While music has been around for centuries, more recent developments in technology have made it possible for people who cannot speak, sing or play an instrument to create original music. A music ensemble in the UK is using these new methods to compose and play music and there’s been nothing like it before.
The Paramusical Ensemble was formed with patients from the Royal Hospital For Neuro-Disability in London and the technology was developed with experts from Plymouth University. Called the Brain Computer Music Interface, or BCMI, the system collects brainwaves from patients with severe neurological disabilities via a cap that’s equipped with electrodes. The brainwave signals are used to control musical equipment and create compositions.

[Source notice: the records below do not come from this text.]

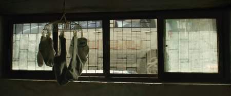 В домах обоих семей можно заметить повторяющиеся элементы, например, окна, которые имеют вытянутую форму. Однако в доме Паков это огромное панорамное окно с видом на сад, а в доме семьи Ким окно — лишь форточка с решетками, за которыми видны колеса проезжающих машин и ноги пьяниц по вечерам.
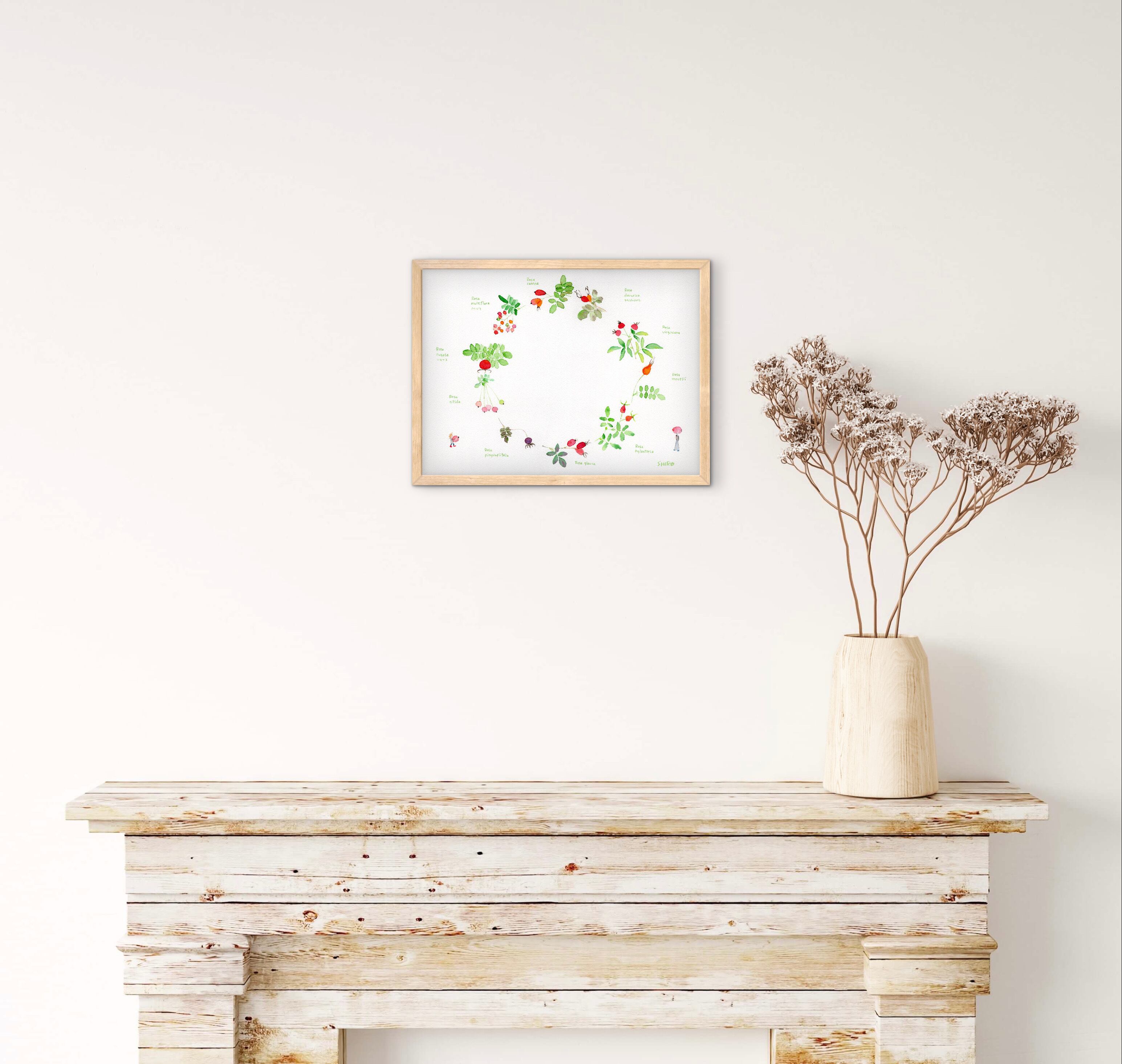 ときどき描く、ローズヒップのリースの絵を横型にしてみました。こうすると人物の配置が決まって、安定感が出ていいかもしれないです。ローズヒップの種類も少し増やしました。
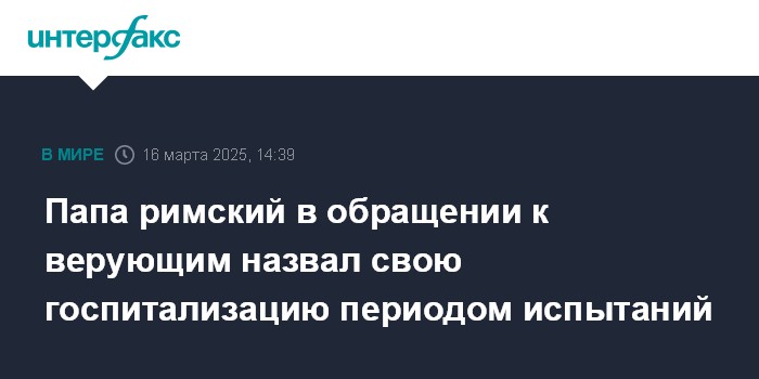 Москва. 16 марта. INTERFAX.RU - Продолжающий лечение в римской больнице "Агостино Джемелли" папа римский Франциск в воскресенье приветствовал последователей католической веры письменным посланием, в котором отметил, что переживает период испытаний.
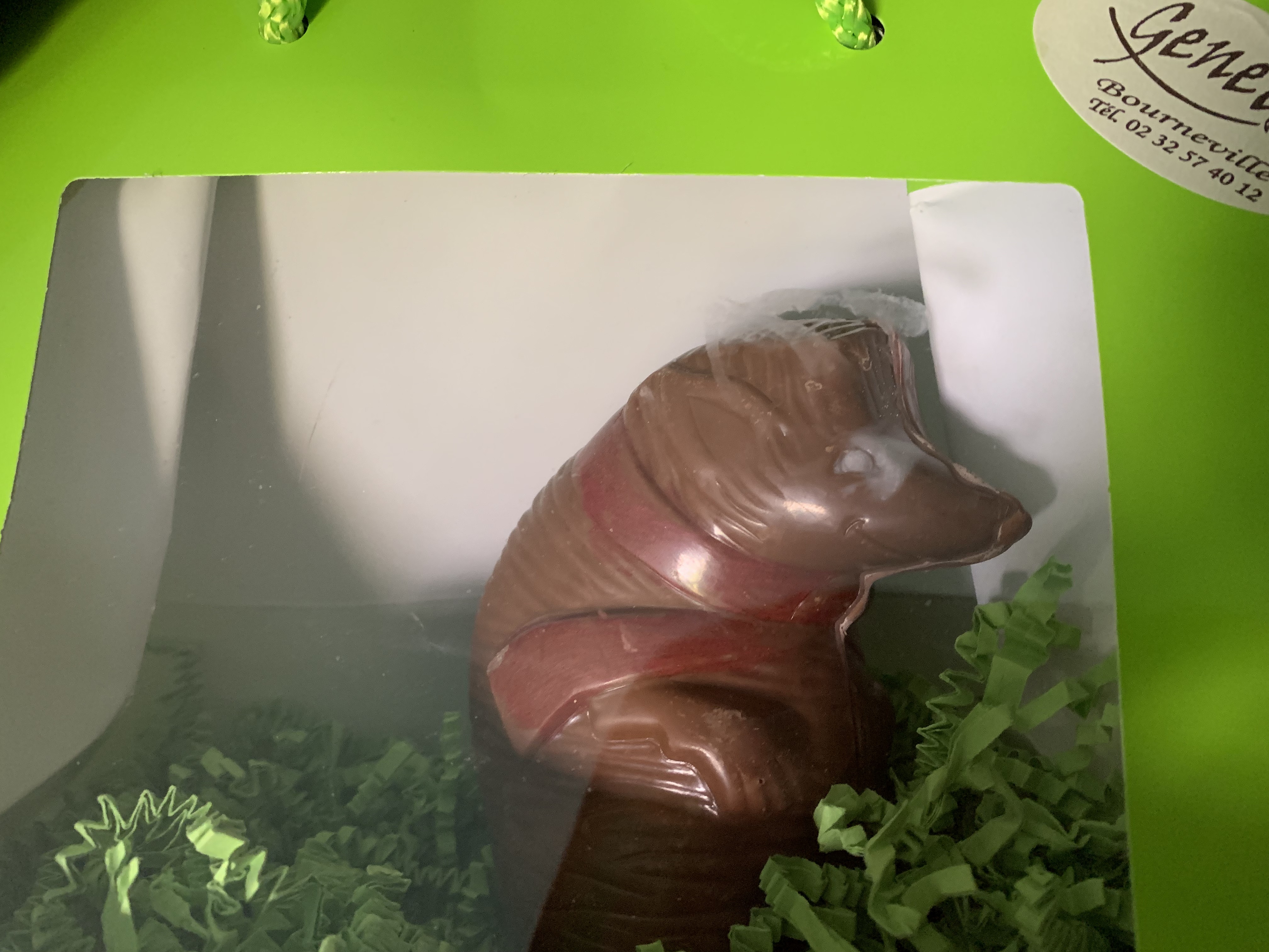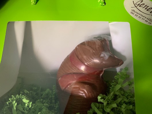 This charming hedgehog – herisson- nestling in his bag of grass from our local boulanger-turned-chocolatier for Easter.
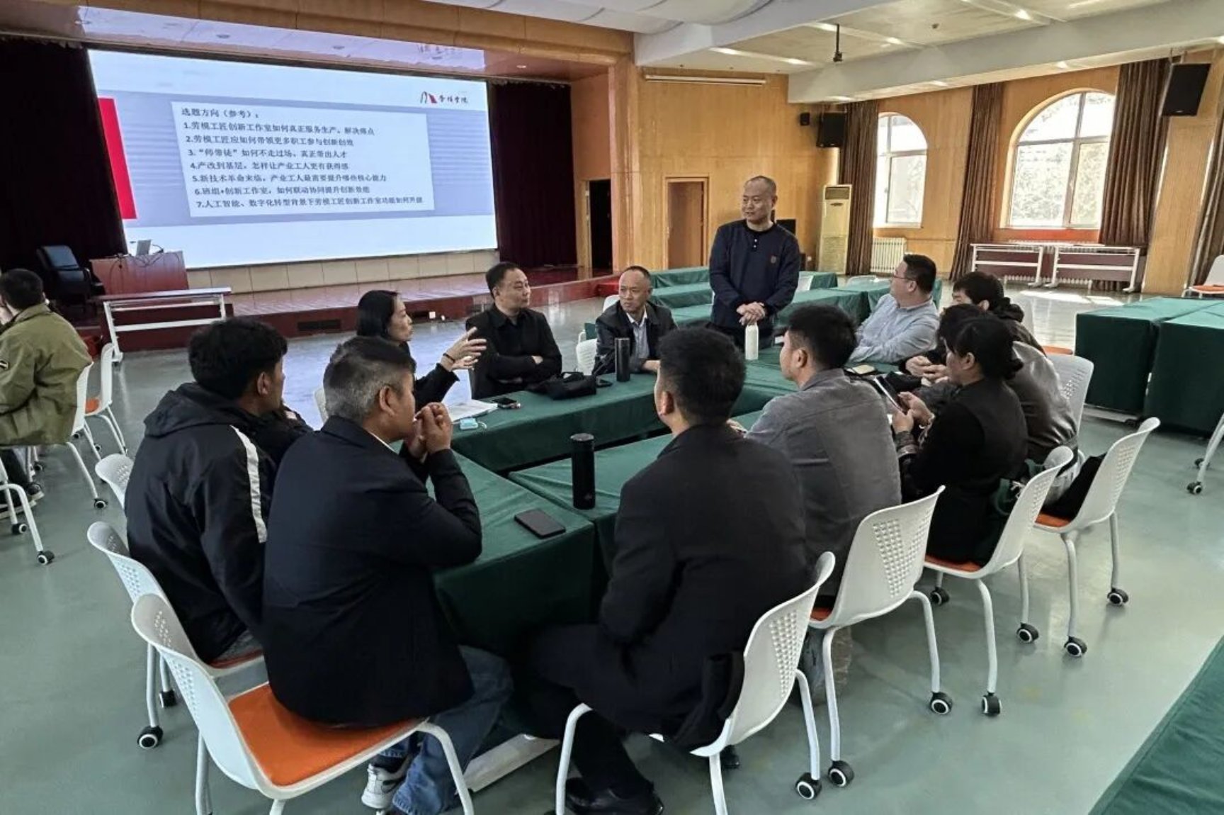 劳模学生结合课程内容与自身工作实践,围绕深化产业工人队伍建设改革有关选题方向,以小组为单位开展研讨交流,确定了各组研究方向和内容。
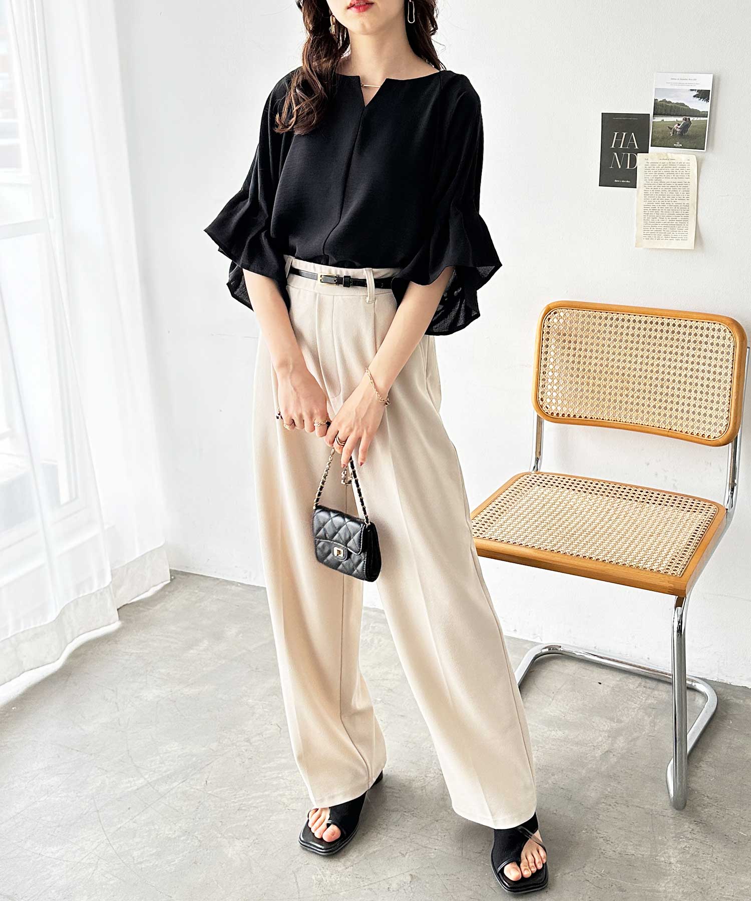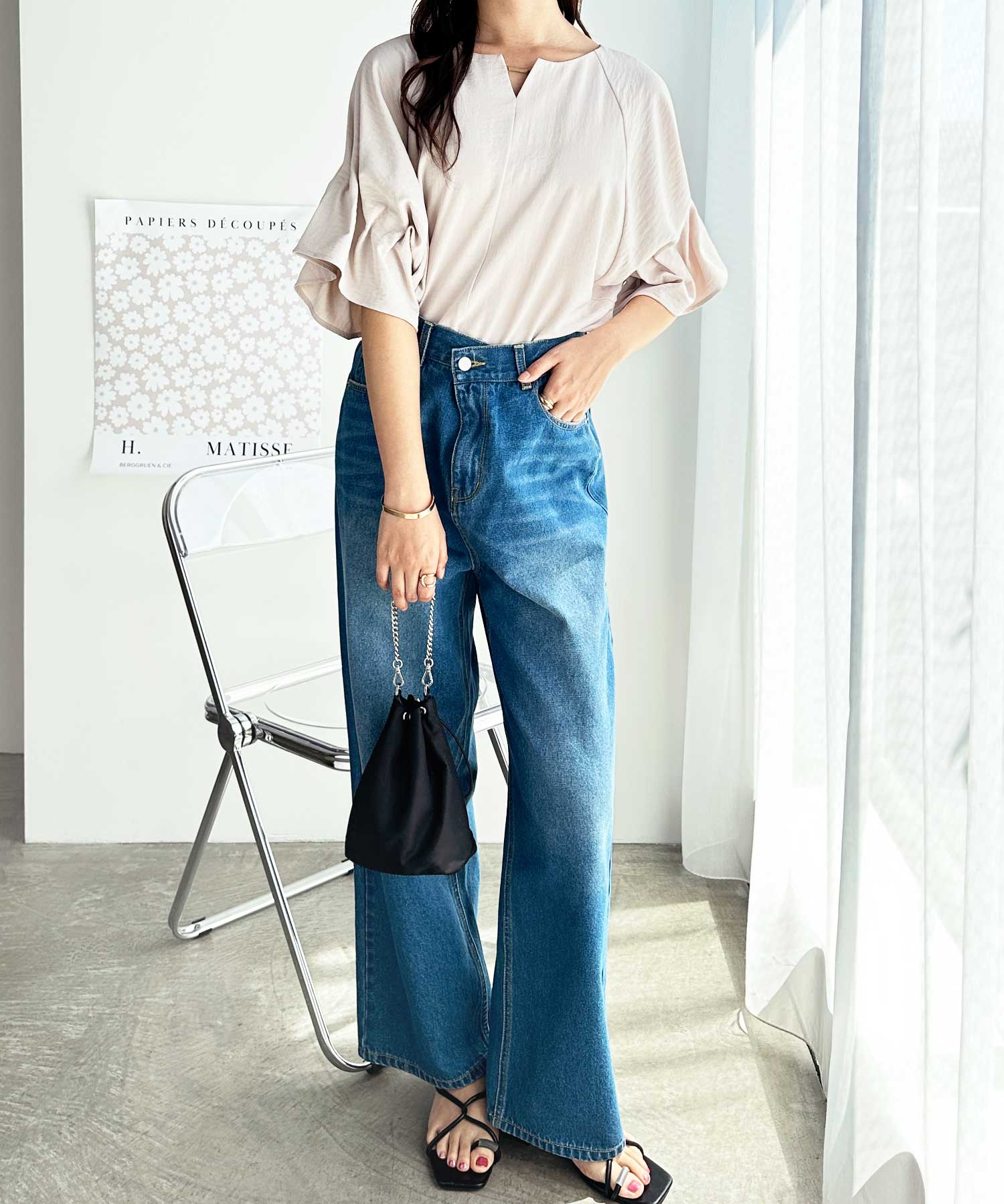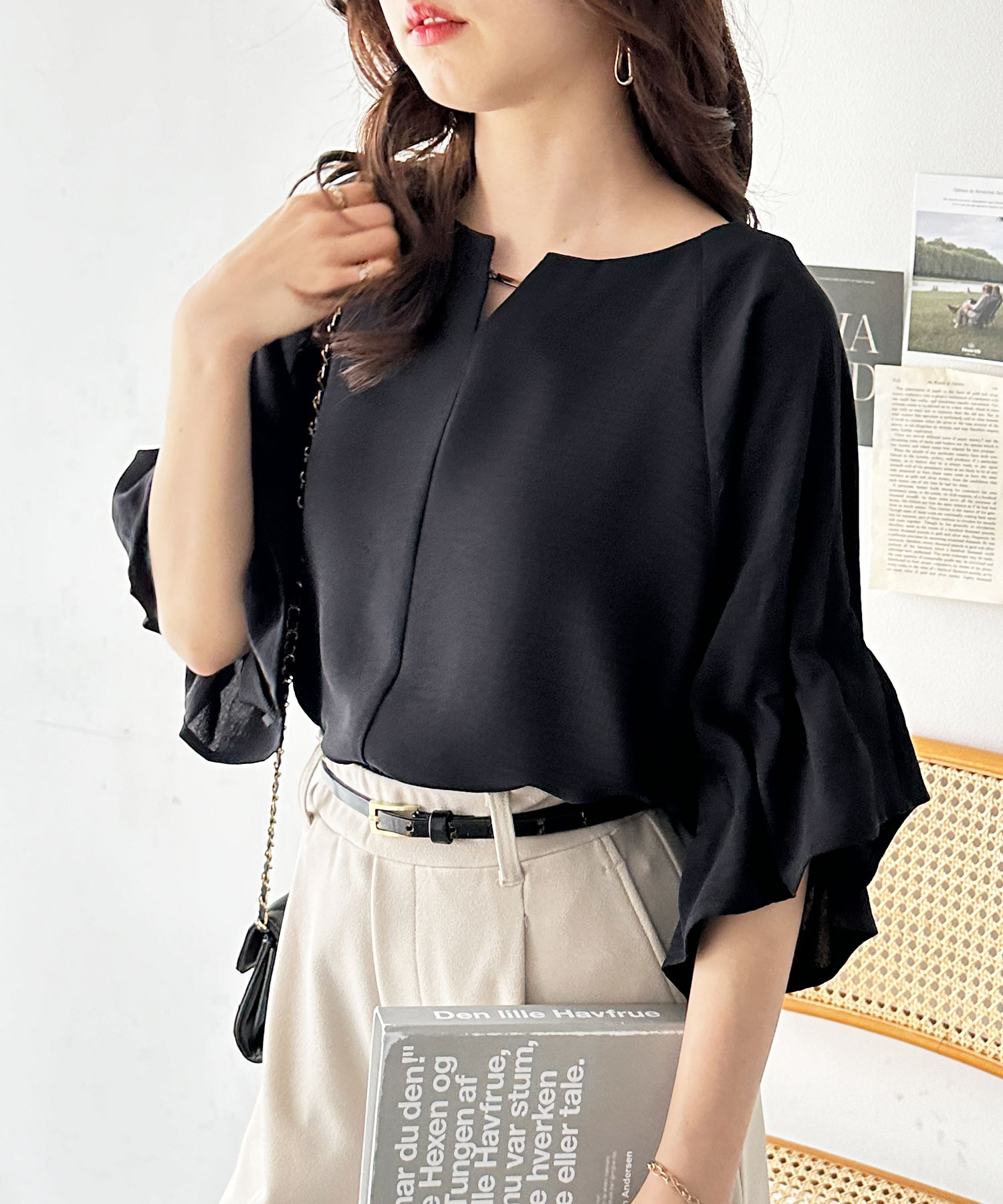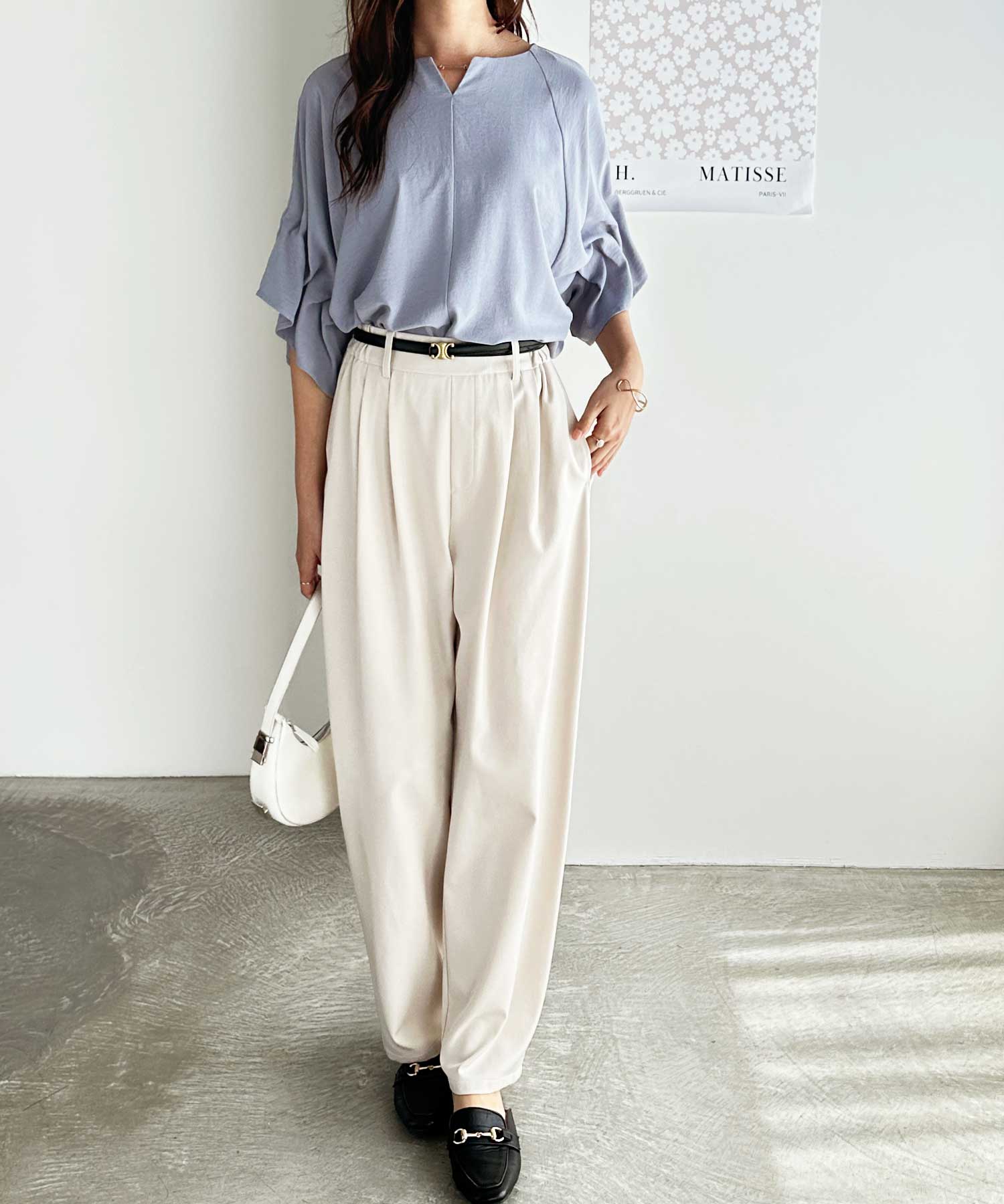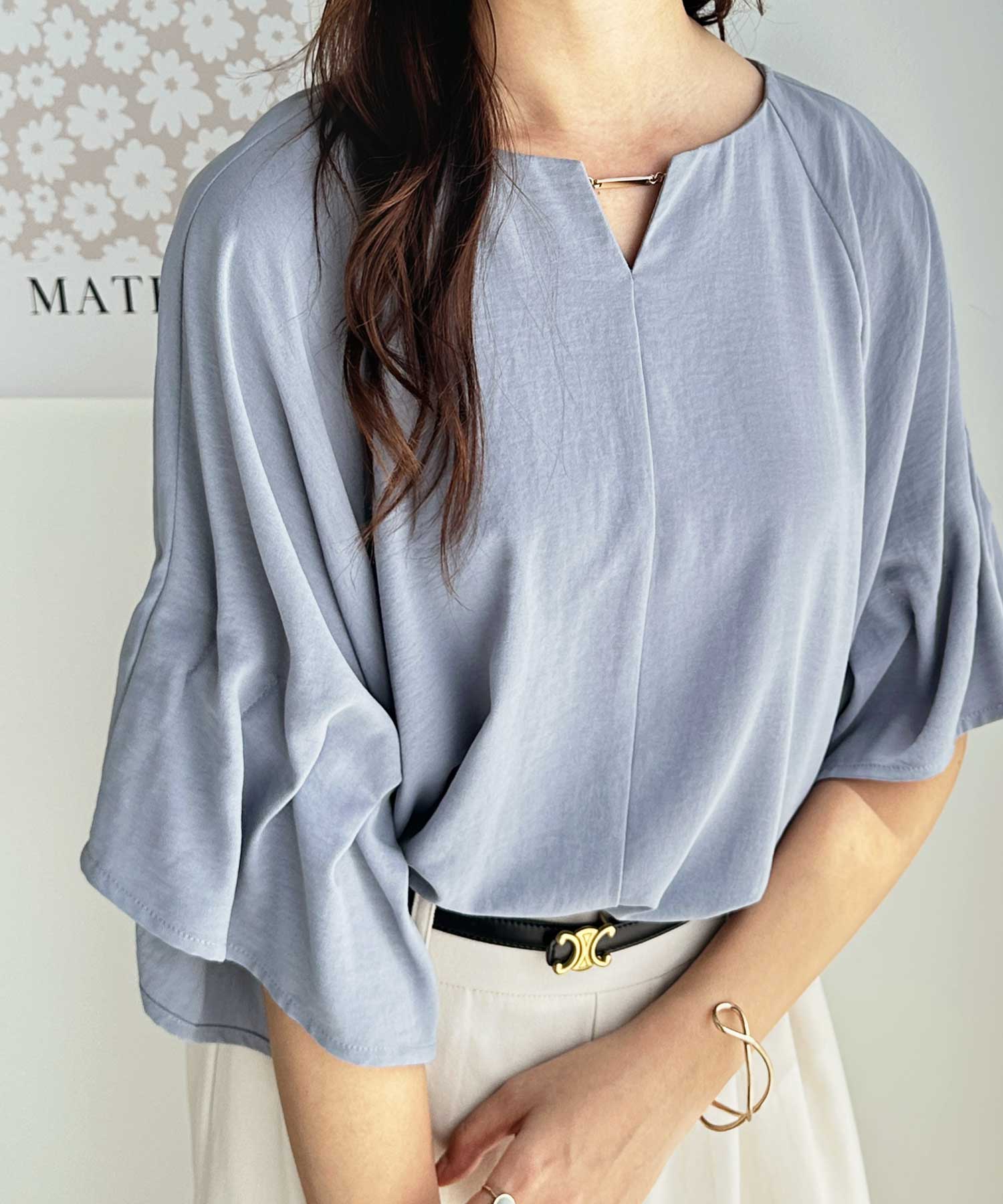 ボリュームスリーブとゴールド金具が華やかな印象のブラウス。

The program is led by Professor of Computer Music Eduardo Miranda and PhD student Joel Eaton, from Plymouth University’s Interdisciplinary Centre for Computer Music Research (ICCMR). Together with Dr. Julian O’Kelly and Dr. Sophie Duport from the RHN, the initiative sought to use the transformative impact of music to reach patients who, as a result of their disease, are sometimes unreachable with traditional therapies.
In a press release
from the ICCMR, Professor Miranda, said, “We have been working with the RHN for around four years, and our collaboration is having a hugely positive impact on everyone involved and changing perceptions at the same time. Our work is giving people an opportunity to put their physical impediments aside, and use music to communicate in ways that would not normally be possible because of their medical conditions. It is an amazing example of research being taken out of the laboratory and into the real world, with both inspiring and very emotional results.”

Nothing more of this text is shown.